Although Burne-Jones had already been paid for the cartoons by Morris (he changed £ 180 for the Allerton Paradise), he presumably hoped that by colouring them he could turn them to further financial advantage. If so, he was only partially successful. The two Angeli were brought by the Tory politician and future Prime Minister Arthur Balfour, one of his most devoted patrons, but the Paradise and Last Judgment were still on his hands when he died, even though he had exhibited them at the Grosvenor Gallery in the winter of 1881. Indeed, they had been much admired by the critics, especially the Paradise. The Academy noted its 'wonderful power of expression and skill in drawing', while F. G. Stephens, writing in The Anthenaeum, praised 'the superbly beautiful disposition of the general colour (and) the marvelous variety and harmony of the local tints, (...) especially observable in the white robes, the rich verdure, and the scintillations of the spirits' wings (...) In these lovely qualities this large picture has no superior in the room.'

Perhaps it was the cartoons' enormous size that deterred buyers, although the Last Judgment was also an uncomfortable subject. At all events, both works appeared in Burne-Jones's first studio sale, held at Christie's only a month after his death in June 1898, and were bought, probably on commission, by Agnew. The Last Judgment was given to the Birmingham Art Gallery the same year by two local enthusiasts, the Hon. William Kenrick and J.R. Holliday. Burne-Jones was a native of Birmingham, and this was an early shot in the campaign to make the Art Gallery the great repository of his work that it is today. Meanwhile the Paradise, for which Agnew paid 520 guineas, was acquired by another ardent admirer, Lord Windsor, later first Earl of Plymouth.

Born in 1857, Lord Plymouth was a man of enormous wealth and genuine culture. His knowledge of art and architecture brought him the post of Commissioner of Works and a Trusteeship of the National Gallery, and in 1903 he published a study of the painter John Constable, for many years the standard book on the subject. In 1883 he married Alberta Paget, a renowned beauty who shared his artistic interests. They were leading members of the social set know as 'The Souls', a self-conscious aristocratic clique who prided themselves on their devotion to intellectual pursuits as distinct from the hunting, shooting and gambling that obsessed so many of their class.

Burne-Jones was the Souls' favourite artist. They warmed to his intense spirituality, and many of them commissioned or bought his works. However, the quintessential product of this rare accommodation between high society and progressive art was the full-length portrait of Lady Windsor that the artist began in 1893 and exhibited at the New Gallery two years later (private collection, on loan to Birmingham Museums and Art Gallery). In his austere and almost colourless late style, it is a supreme symbolist image, inviting comparison with other great examples of the genre by James McNeill Whistler or Fernand Khnopff.

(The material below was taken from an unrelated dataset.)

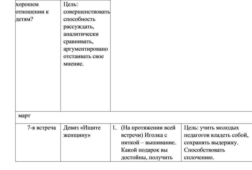 Цель: развивать творческие возможности. Совершенствовать коллективные умения. Выявить нравственные эталоны у молодых педагогов. Развивать адекватную самооценку у педагогов. |

In the light of this ethereal and enigmatic work, it is not surprising that the Windsors fell for the Paradise design. In fact they brought yet another picture in the artist's most transcendental vein, a cloudy affair of angels and spirits so abstract and disembodied that it must have been one of the very last things he touched. The portrait of Lady Windsor was destined for Hewell Grange, a vast neo-Jacobean mansion in Worcestershire that the couple built in the first years of their marriage. Paradise would either have hung there or in one of their two other homes, a London house at 39 Mount Street, Mayfair, and a genuine Elizabethan country house, St Fagan's Castle near Cardiff, a mellow and beautiful building set in what George Wyndham, another Soul, called 'the enchanted land of Arthurian romance'.